Antibacterial Soap Faces Pressure to Perform From FDA

Antibacterial Hand Soap No More Effective Than Plain Soap and WaterThe Food & Drug Administration announced Monday that the makers of antimicrobial and antibacterial soaps and body washes will need to demonstrate the safety and effectiveness of their products, as well as prove that they prevent the spread of illness better than simple soap and water. Failing to do so, manufacturers must reformulate or re-label these products to continue selling them.

Targeting Troublemakers Triclosan and Triclocarban

The FDA is largely targeting tricloasan, used in liquid soaps, and triclocarban, used in bar and some “deodorant” soaps. The use of these chemicals is associated with endocrine disruption and the rise of antibiotic-resistant bacteria. Animal studies reveal that exposure to high levels of triclosan also disrupts thyroid homeostasis and has an effect on estrogen levels, leading to low sperm count in males and premature puberty in females. More concerning to the millions of Americans using the myriad of products that contain triclosan and triclocarban, the chemicals have also been detected in human breast milk, urine and blood.

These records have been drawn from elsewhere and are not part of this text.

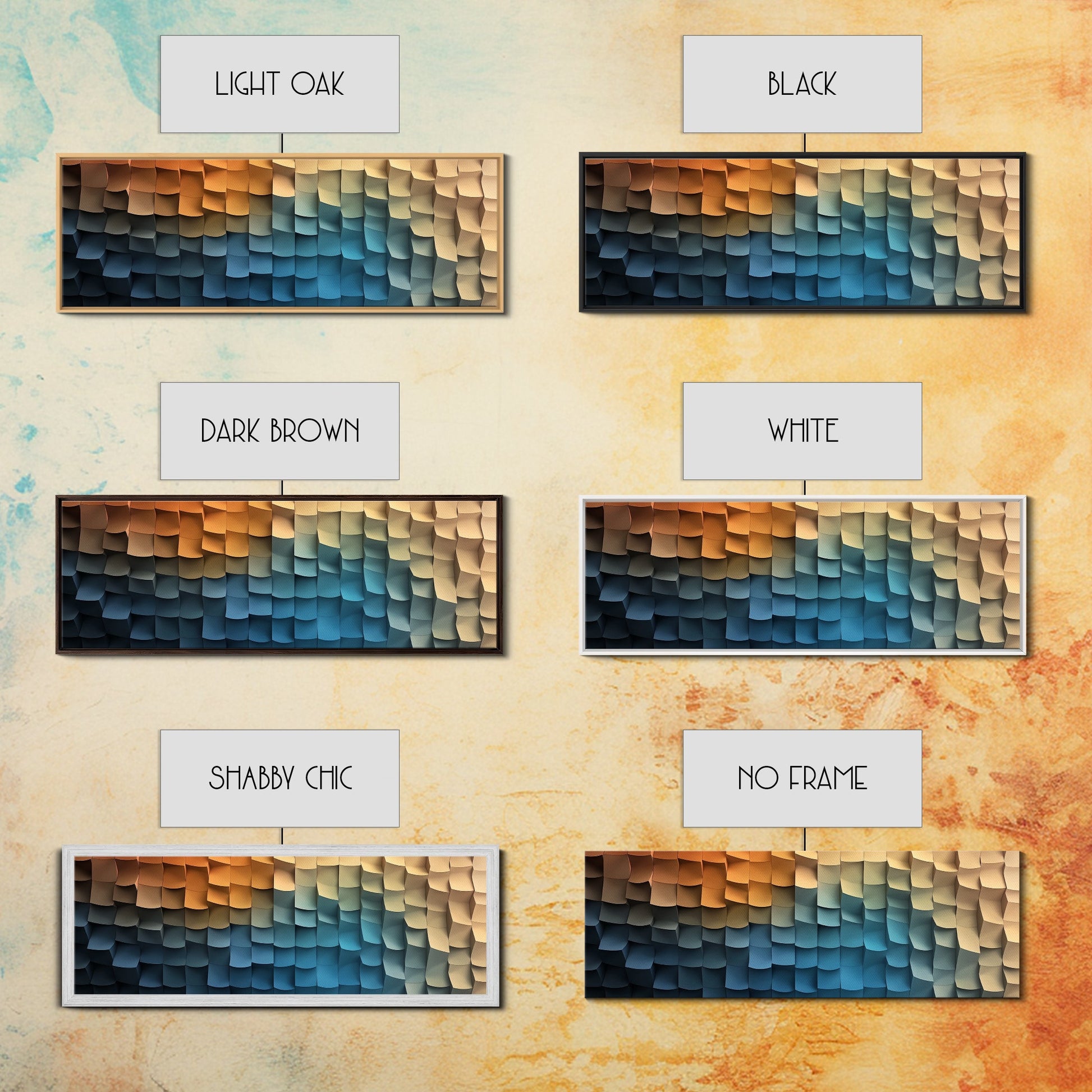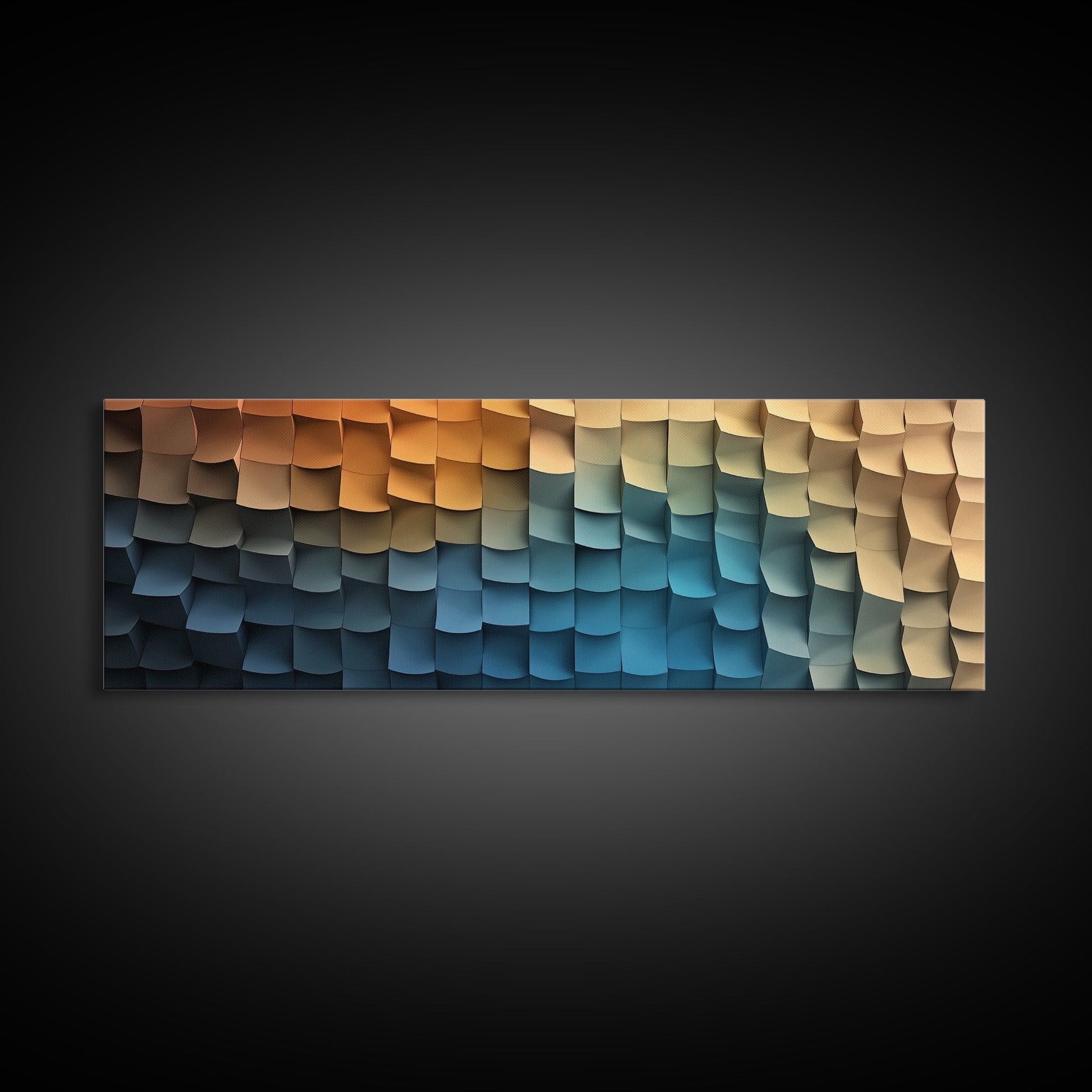 Abstract Art - Coastal Cubism - Framed Canvas Print - Panoramic Geometric Art - Unique Home Decor
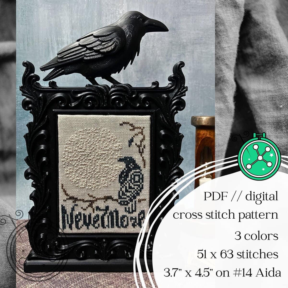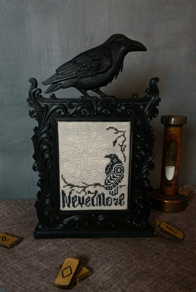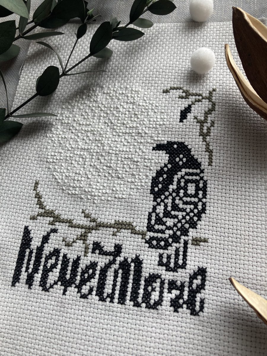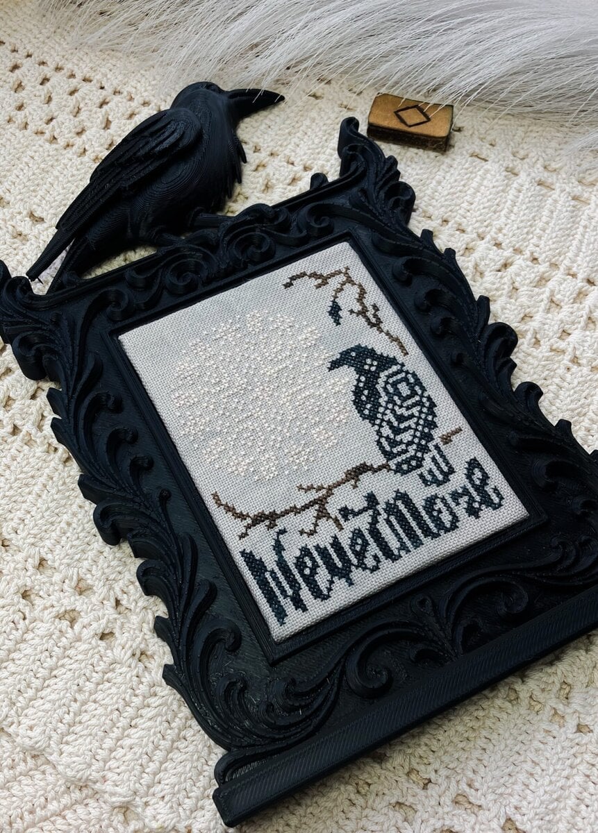 The Nevermore cross stitch pattern is inspired by E.A. Poe’s best known poem, The Raven:
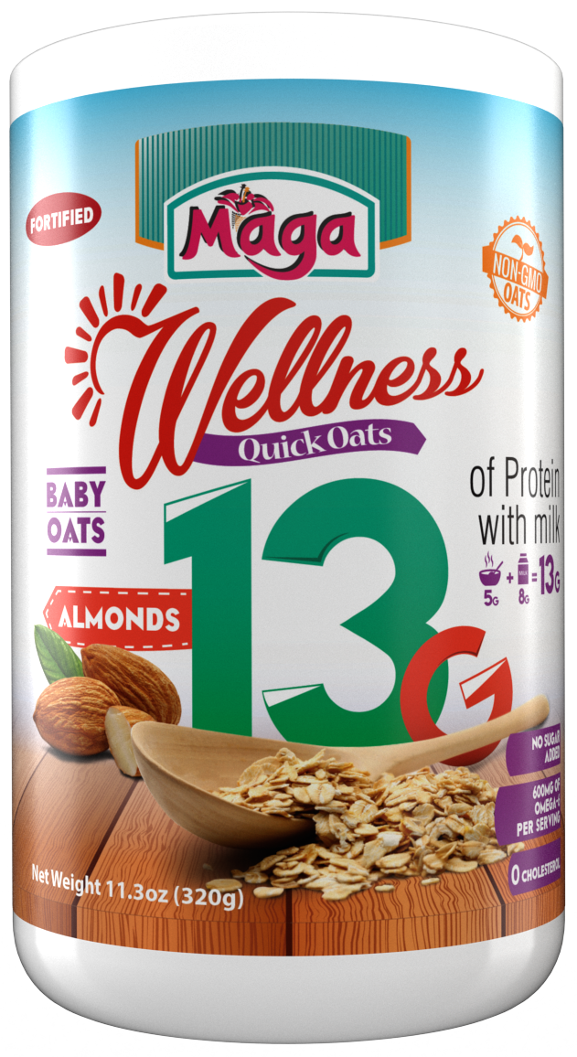 La fuente soluble de fibra de la avena Maga Wellness promueve la regularidad intestinal, ayuda a bajar los niveles de colesterol y a mantener los niveles de glucosa en control.
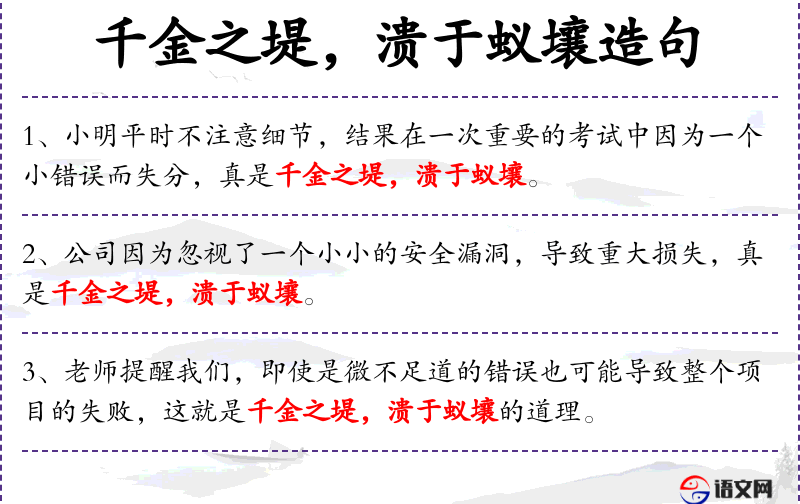 - 小明因平时忽视细节,在关键考试中因微小失误丢分,这正是“千金之堤,溃于蚁壤”的写照。

While the FDA is not requiring that producers of antibacterial soaps immediately take their products of the market, manufacturers do have to conduct clinical studies showing the long-term health effects of the use of their soaps. If the products prove unsafe, the active ingredients must be removed to remain on the market.

To read more, visit: http://www.examiner.com/article/fda-rules-antibacterial-soaps-must-prove-better-than-plain-soap-and-water

Comments

  1. says

    there is significant research showing that the antimicrobial property continues at very low dilution and does not deteriorate after time as such common things like hydrogen peroxide and chlorine – it effects the environment significantly and i will not use the stuff. Regular soap if fine for me and for heavy duty situations Clorox. Plain warm water in a shower removes 95% of bacteria, adding soap reduces to 99% why more?

    • says

      Indeed, it affects the environment and has toxic side effects in the human body. It has been proven over many years that antibacterial soap is no more effective than washing with plain soap and water…so I agree, why more?

      Thanks for commenting!

  2. says

    It is so scary all these chemicals that are put into the products we use. I’m a firm believer that soap and water and some friction do the trick in killing germs. I’ve never been a fan of antibacterial items, unless one works in a hospital. I’m a big fan of creating a natural resistance through exposure.

    • says

      Bonnie, It is especially scary considering we really don’t know all the long-term side effects of the chemicals in the products we use. Some of my friends who work in hospitals even poo-poo the hand sanitizers placed all over the establishment in favor of a strong hand washing. I’ve written before about the questionable use of hand sanitizer by consumers especially.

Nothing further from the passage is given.